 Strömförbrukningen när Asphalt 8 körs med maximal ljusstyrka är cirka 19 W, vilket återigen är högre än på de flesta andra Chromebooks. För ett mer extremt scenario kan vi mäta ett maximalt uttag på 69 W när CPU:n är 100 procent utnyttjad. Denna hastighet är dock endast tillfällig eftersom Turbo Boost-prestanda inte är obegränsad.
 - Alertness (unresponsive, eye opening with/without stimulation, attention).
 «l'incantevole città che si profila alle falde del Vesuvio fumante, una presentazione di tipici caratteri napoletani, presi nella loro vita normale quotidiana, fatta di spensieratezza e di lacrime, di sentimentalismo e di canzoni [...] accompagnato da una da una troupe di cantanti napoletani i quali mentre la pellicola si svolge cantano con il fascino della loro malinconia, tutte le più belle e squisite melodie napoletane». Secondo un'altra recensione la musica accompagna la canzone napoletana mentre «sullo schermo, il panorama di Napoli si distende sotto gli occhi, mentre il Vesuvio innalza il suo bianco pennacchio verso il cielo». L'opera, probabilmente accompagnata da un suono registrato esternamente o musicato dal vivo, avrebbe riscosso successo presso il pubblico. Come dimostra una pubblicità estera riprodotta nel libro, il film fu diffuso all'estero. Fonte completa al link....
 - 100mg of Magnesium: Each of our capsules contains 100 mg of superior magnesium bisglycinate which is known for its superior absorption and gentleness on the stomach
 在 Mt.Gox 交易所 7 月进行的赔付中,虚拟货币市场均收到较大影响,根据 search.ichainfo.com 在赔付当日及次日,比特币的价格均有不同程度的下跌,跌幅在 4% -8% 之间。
******
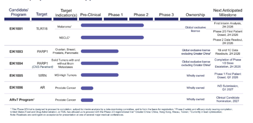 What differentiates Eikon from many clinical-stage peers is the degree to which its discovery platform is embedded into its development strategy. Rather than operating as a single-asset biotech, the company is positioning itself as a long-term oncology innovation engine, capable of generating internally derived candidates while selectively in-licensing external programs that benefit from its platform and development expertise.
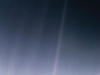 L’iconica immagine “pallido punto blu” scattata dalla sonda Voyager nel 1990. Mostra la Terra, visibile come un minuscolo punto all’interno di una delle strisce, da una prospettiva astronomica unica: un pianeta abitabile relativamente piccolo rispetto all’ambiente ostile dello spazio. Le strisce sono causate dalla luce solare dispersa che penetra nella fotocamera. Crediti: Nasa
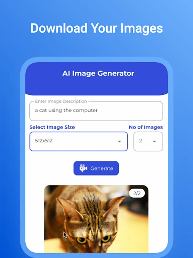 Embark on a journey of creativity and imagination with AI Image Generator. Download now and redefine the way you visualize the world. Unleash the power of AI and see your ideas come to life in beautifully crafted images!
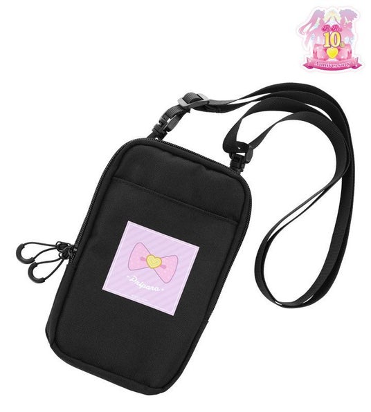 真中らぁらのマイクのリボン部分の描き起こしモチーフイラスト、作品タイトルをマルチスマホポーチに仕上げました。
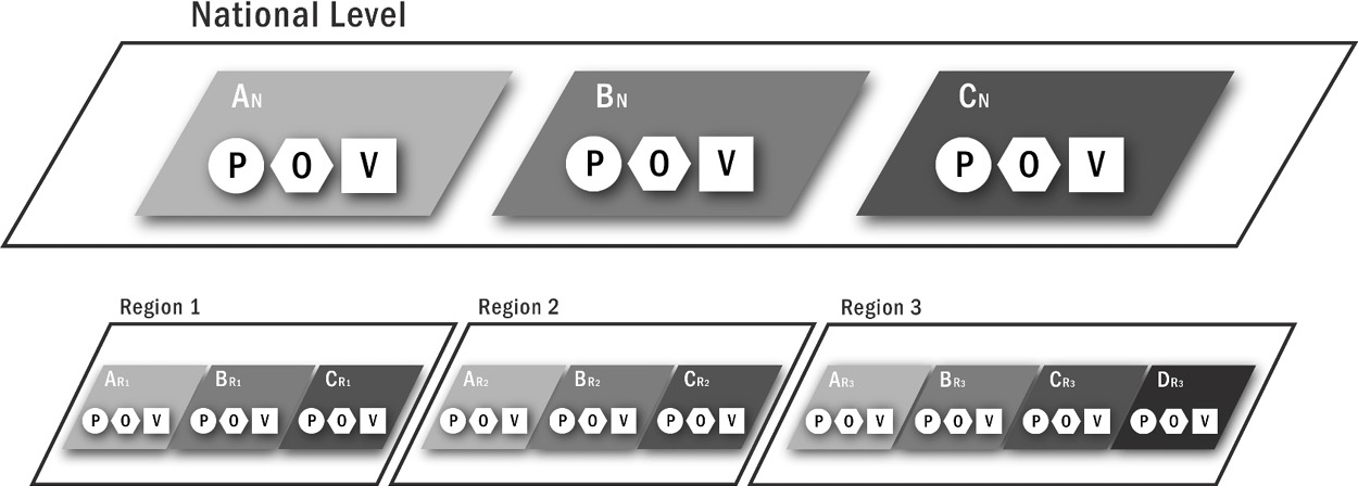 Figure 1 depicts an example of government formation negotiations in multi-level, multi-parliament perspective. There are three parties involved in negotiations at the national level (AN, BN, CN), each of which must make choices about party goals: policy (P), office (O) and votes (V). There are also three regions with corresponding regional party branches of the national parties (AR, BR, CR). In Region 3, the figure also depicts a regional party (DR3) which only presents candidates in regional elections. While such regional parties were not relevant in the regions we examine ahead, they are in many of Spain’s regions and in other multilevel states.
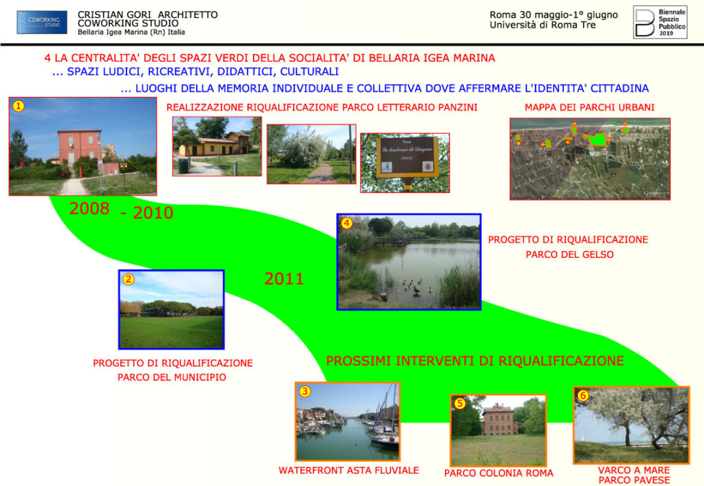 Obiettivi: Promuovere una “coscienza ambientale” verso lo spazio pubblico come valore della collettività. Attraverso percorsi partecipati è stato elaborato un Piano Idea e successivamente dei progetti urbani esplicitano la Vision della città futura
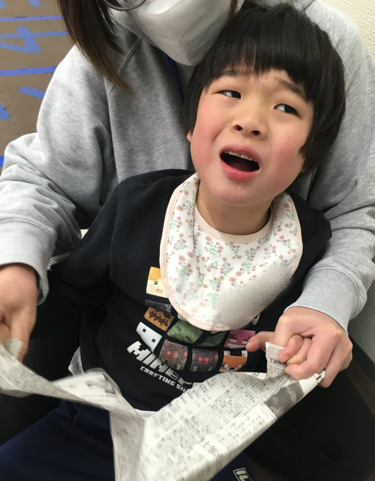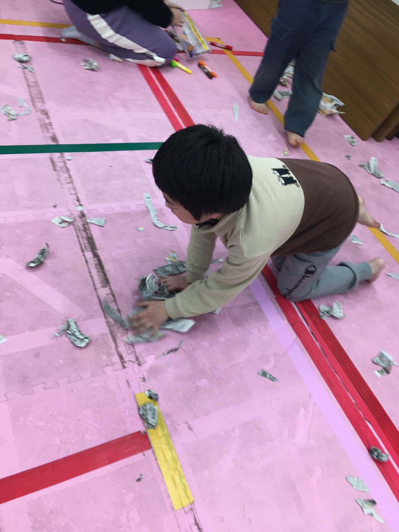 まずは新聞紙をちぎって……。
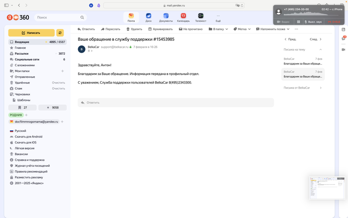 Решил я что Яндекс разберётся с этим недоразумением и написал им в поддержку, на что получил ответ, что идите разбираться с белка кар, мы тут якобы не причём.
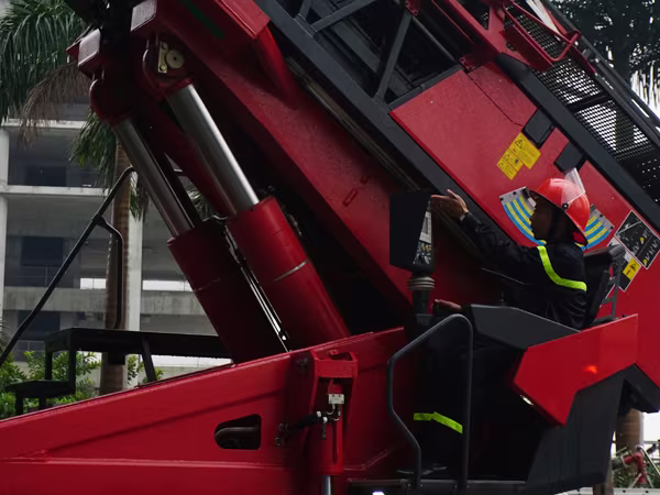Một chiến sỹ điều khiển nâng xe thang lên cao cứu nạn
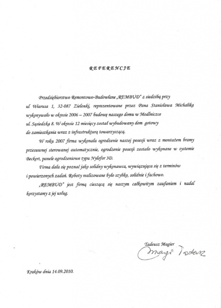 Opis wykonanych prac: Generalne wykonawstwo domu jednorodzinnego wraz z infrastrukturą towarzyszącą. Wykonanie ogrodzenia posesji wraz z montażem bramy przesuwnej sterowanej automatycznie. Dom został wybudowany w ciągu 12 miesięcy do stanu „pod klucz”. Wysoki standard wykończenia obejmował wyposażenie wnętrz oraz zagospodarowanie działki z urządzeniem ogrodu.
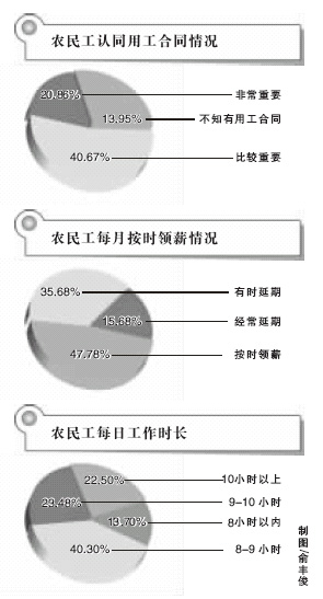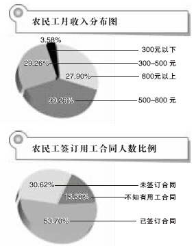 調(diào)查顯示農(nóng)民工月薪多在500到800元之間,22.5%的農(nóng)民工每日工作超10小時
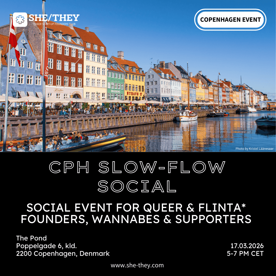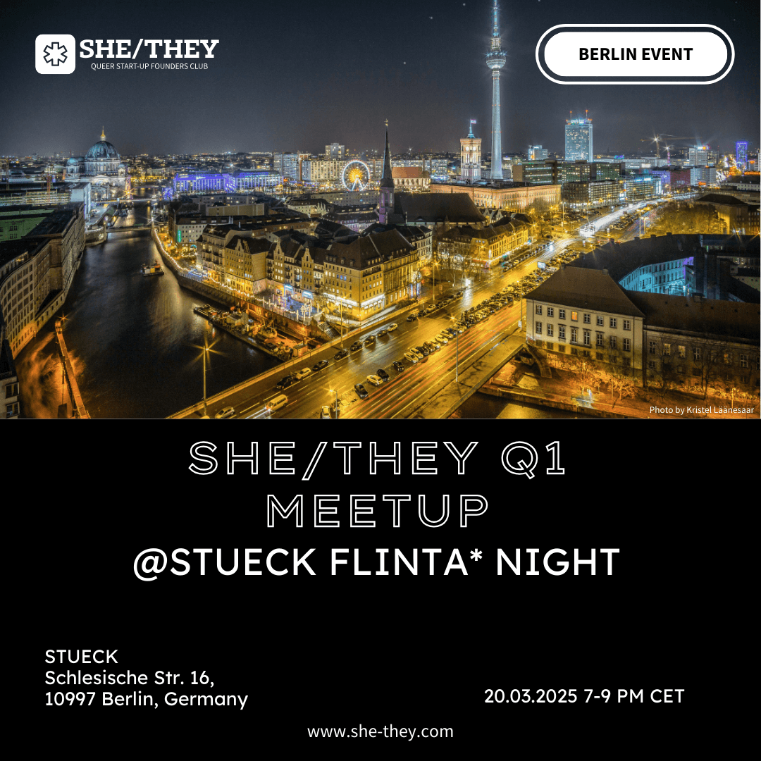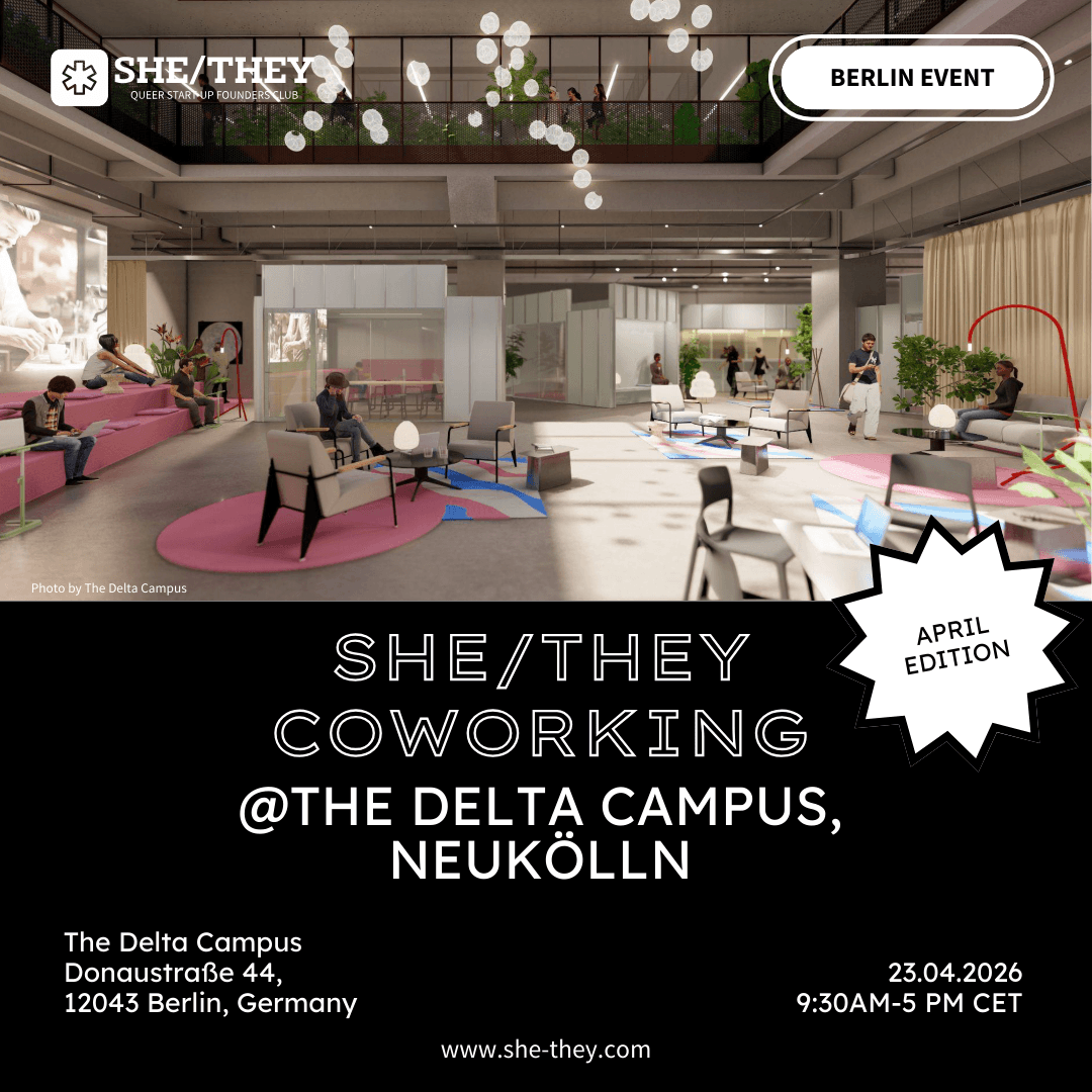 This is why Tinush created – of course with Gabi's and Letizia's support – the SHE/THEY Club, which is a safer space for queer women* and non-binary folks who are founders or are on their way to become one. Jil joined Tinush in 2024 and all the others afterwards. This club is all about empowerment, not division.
******
** EXERCISE GOAL **
Look above for the line containing "Opis wykonanych prac: Generalne", then write out every line from there down to the line containing "調(diào)查顯示農(nó", that line included, with no pictures.

** TASK OUTPUT **
 Opis wykonanych prac: Generalne wykonawstwo domu jednorodzinnego wraz z infrastrukturą towarzyszącą. Wykonanie ogrodzenia posesji wraz z montażem bramy przesuwnej sterowanej automatycznie. Dom został wybudowany w ciągu 12 miesięcy do stanu „pod klucz”. Wysoki standard wykończenia obejmował wyposażenie wnętrz oraz zagospodarowanie działki z urządzeniem ogrodu.
 調(diào)查顯示農(nóng)民工月薪多在500到800元之間,22.5%的農(nóng)民工每日工作超10小時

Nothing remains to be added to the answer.